El dolor en el talón al levantarse es una de esas molestias que muchas personas empiezan a notar poco a poco y terminan normalizando. Al principio puede aparecer solo al dar los primeros pasos por la mañana. Después, también al levantarse tras estar sentado, al caminar durante mucho tiempo o al pasar muchas horas de pie.
Lo habitual es que el paciente lo describa de forma muy clara: “me levanto de la cama y me duele muchísimo el talón”, “los primeros pasos son los peores” o “después de caminar un rato parece que mejora, pero vuelve cuando paro”.
Ante esta situación, muchas personas piensan directamente en un espolón calcáneo. Otras buscan en internet y llegan rápidamente a la fascitis plantar. Sin embargo, aunque ambas son causas frecuentes de dolor en el talón, no todo dolor en esta zona tiene el mismo origen.
Por eso, antes de iniciar un tratamiento o asumir un diagnóstico, es importante entender qué puede estar pasando y cuándo conviene acudir a un especialista.
¿Por qué duele el talón al levantarse?
El talón soporta una parte importante del peso del cuerpo al caminar, estar de pie o hacer deporte. Además, está conectado con estructuras como la fascia plantar, el tendón de Aquiles, la musculatura de la pantorrilla, pequeñas articulaciones del pie y tejidos blandos que intervienen en cada apoyo.

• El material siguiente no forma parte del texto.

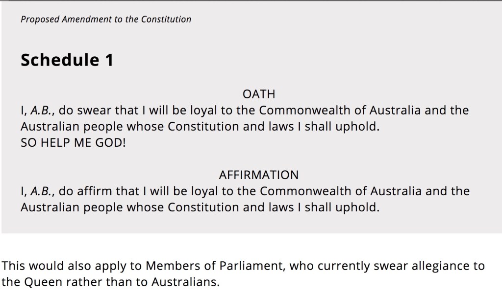 (It is similarly not illegal for me to not support or swear allegiance to the monarchy -or- a faux republic movement in Australia that consists of just the same old revolving doors of politics and the news media scrum who only want a head of state put forward by politicians and for the wealthiest people to continue to legislate whatever they want.

Cuando alguna de estas estructuras se irrita, se sobrecarga o pierde elasticidad, puede aparecer dolor. En muchos casos, ese dolor se nota especialmente al levantarse porque el pie ha estado en reposo durante varias horas y los tejidos se encuentran más rígidos.
Por eso, los primeros pasos de la mañana pueden resultar especialmente molestos. A medida que el pie “entra en calor”, la sensación puede disminuir, aunque no siempre desaparece del todo. En otros casos, el dolor vuelve al final del día o después de permanecer mucho tiempo de pie.
Este patrón es muy típico de algunas lesiones del talón, pero no permite saber por sí solo cuál es la causa exacta.
Fascitis plantar: una de las causas más frecuentes
La fascitis plantar es una de las causas más habituales de dolor en el talón. La fascia plantar es una banda de tejido que recorre la planta del pie desde el talón hasta la zona de los dedos. Su función es ayudar a mantener el arco plantar y absorber parte de las cargas que se producen al caminar.
Cuando esta estructura se sobrecarga o se irrita, puede provocar dolor en la zona inferior del talón, especialmente al levantarse por la mañana o después de un periodo de reposo.
Algunos pacientes notan una sensación punzante, como si pisaran una piedra o como si el talón estuviera “clavado”. Otros describen un dolor más difuso en la planta del pie, que empeora con la actividad prolongada.
La fascitis plantar puede aparecer por diferentes motivos:
- Uso de calzado poco adecuado.
- Pasar muchas horas de pie.
- Aumento brusco de actividad física.
- Sobrecarga deportiva.
- Alteraciones de la pisada.
- Acortamiento de la musculatura posterior de la pierna.
- Sobrepeso.
- Falta de recuperación tras esfuerzos repetidos.
Sin embargo, no siempre hay una única causa clara. Por eso es importante valorar el caso de forma individual.
¿Y si es un espolón calcáneo?
El espolón calcáneo es una formación ósea que puede aparecer en el hueso del talón. Muchas personas creen que el espolón es siempre el responsable del dolor, pero esto no es necesariamente así.
De hecho, hay pacientes que tienen espolón calcáneo en una radiografía y no sienten dolor. Y también hay pacientes con mucho dolor en el talón sin que exista un espolón relevante.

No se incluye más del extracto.